# Madden Brush: which color of blue?



## Kutsmail1 (Dec 26, 2007)

After reading through threads on SM, and 2other sites, I went to research links and prices of the Madden brushes. Then I see there are 2 blue colors. One is a light blue and the other is a royal to navy blue. I had collected my links, but had to step away from the computer .....little Miss Do Da decided to bounce and play on the bed and bounced on the computer and knocked me off line....and guess what...my research is gone!

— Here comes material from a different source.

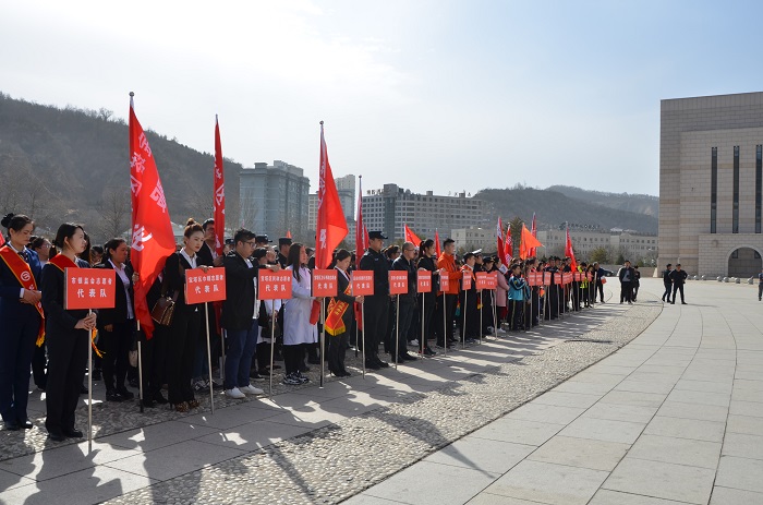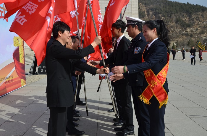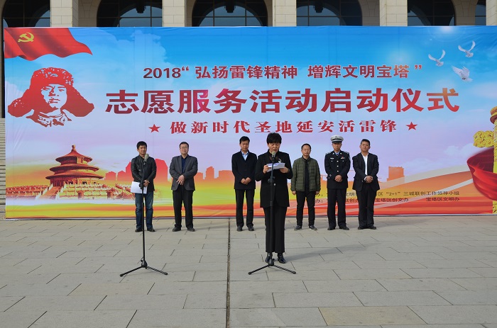 3月5日,是毛泽东主席“向雷锋同志学习”题词55周年和第19个“中国青年志愿者服务日”。当天,由区精神文明建设工作委员会、区“2+1”三城联创工作领导小组主办,区联创办、区创文办、区文明办承办的2018“弘扬雷锋精神、增辉文明宝塔,做新时代圣地延安活雷锋”志愿服务活动启动仪式在延安革命纪念馆广场隆重举行。邀请陕西银监局延安银监分局党委书记、局长戴立勇,市文明办副主任常海东,市交通局副局长李成伟,市交警支队纪检书记牛保东,市道德模范爱心公益协会秘书长庞军出席,区委常委、宣传部长、区“2+1”三城联创工作领导小组副组长常延丽出席并讲话。市、区24支行业志愿者团队及18个乡镇、街道分管负责人共计1100余人参加了仪式。仪式中,宣读了学雷锋志愿服务活动总体方案,志愿服务活动倡议书;出席领导向市交通、团区委、区教体等6支志愿者服务队进行了授旗,银监局、农商银行等4个志愿者服务队代表进行了表态发言。
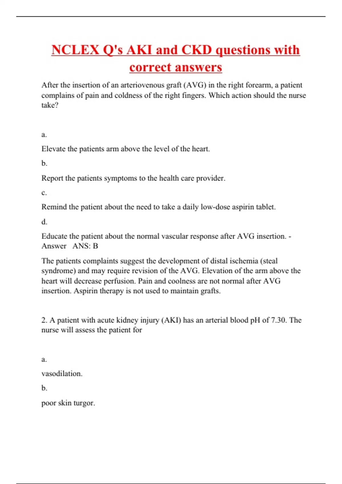 After the insertion of an arteriovenous graft (AVG) in the right forearm, a patient complains of pain and coldness of the right fingers. Which action should the nurse take? a. Elevate the patients arm above the level of the heart. b. Report the patients symptoms to the health care provider. c. Remind the patient about the need to take a daily low-dose aspirin tablet. d. Educate the patient about the normal vascular response after AVG insertion. - Answer ANS: B The patients complaints suggest the development of distal ischemia (steal syndrome) and may require revision of the AVG. Elevation of the arm above the heart will decrease perfusion. Pain and coolness are not normal after AVG insertion. Aspirin therapy is not used to maintain grafts. 2. A patient with acute kidney injury (AKI) has an arterial blood pH of 7.30. The nurse will assess the patient for a. vasodilation. b. poor skin turgor.

Which color blue is the one to buy? I like a brush with a little cushion to it, so did not like the pink one. Would like to order today as I am giving on on that dang Christenson that pins keep going under the pad on.

Thanks all.


----------



## k/c mom (Oct 9, 2004)

Do you already have the pink? It should be fine. I have the orange which is the same as the pink and it is quite soft. I have the darker blue and it's just a teeeeeny bit softer than the orange. I also have the purple which is supposed to be a little firmer but honestly don't see much difference in any of them.


----------



## Ladysmom (Oct 19, 2004)

One of my bow customers sells Madan brushes and she emailed the company about the different brushes. This is the reply she got:

From : 寄件者 Christina at Madan

"Thanks for the commend, yes, the MADAN pin brush was great for the yorkies, special for the Blue and Green colors, this 2 colors are VERY SOFT, and Red, Purple just SOFT, the Pink & Black, Orange, Baby blue was A LITTLE BIT SOFT, and the Black handl with red padding is hard type, We do had promotion for Blue, Black, Orange, Baby blue colors for buy 10 get 1 free, you also can mix colors if you want to!"


----------



## Kutsmail1 (Dec 26, 2007)

No, I truly did not like that the pink brush had no give. I sold it to an SM member. I really like a little give in the pad. My pink one had no give so I went to the Christenson which is ok except for the sinking pins lol.

Thanks for the responses.


----------



## jmm (Nov 23, 2004)

The baby blue is the same as the pink.


----------



## k/c mom (Oct 9, 2004)

QUOTE (Kutsmail1 @ Sep 12 2009, 02:27 PM) index.php?act=findpost&pid=828868


> No, I truly did not like that the pink brush had no give. I sold it to an SM member. I really like a little give in the pad. My pink one had no give so I went to the Christenson which is ok except for the sinking pins lol.
> 
> Thanks for the responses.[/B]


Oh, gosh, that is weird... the blue, purple and orange definitely have give... Did you buy yours from someone you trust? Just wondering if it could be a knock off or fake .... I believe a lot of people here use the pink one.


----------



## Malsam (Sep 28, 2007)

if your maltese is of the thicker and longer coat volume, you should get MPB-M01, black (mid firmness). If yours is the standard coat amount, get MPB-M02 or blue (super soft). If yours still puppy or having lesser coat, use MPB-M05 or purple (super soft II). That 1 is for puppies and all breeds that have softer coat.


----------



## Kutsmail1 (Dec 26, 2007)

QUOTE (Malsam @ Sep 12 2009, 09:30 PM) index.php?act=findpost&pid=829055


> if your maltese is of the thicker and longer coat volume, you should get MPB-M01, black (mid firmness). If yours is the standard coat amount, get MPB-M02 or blue (super soft). If yours still puppy or having lesser coat, use MPB-M05 or purple (super soft II). That 1 is for puppies and all breeds that have softer coat.[/B]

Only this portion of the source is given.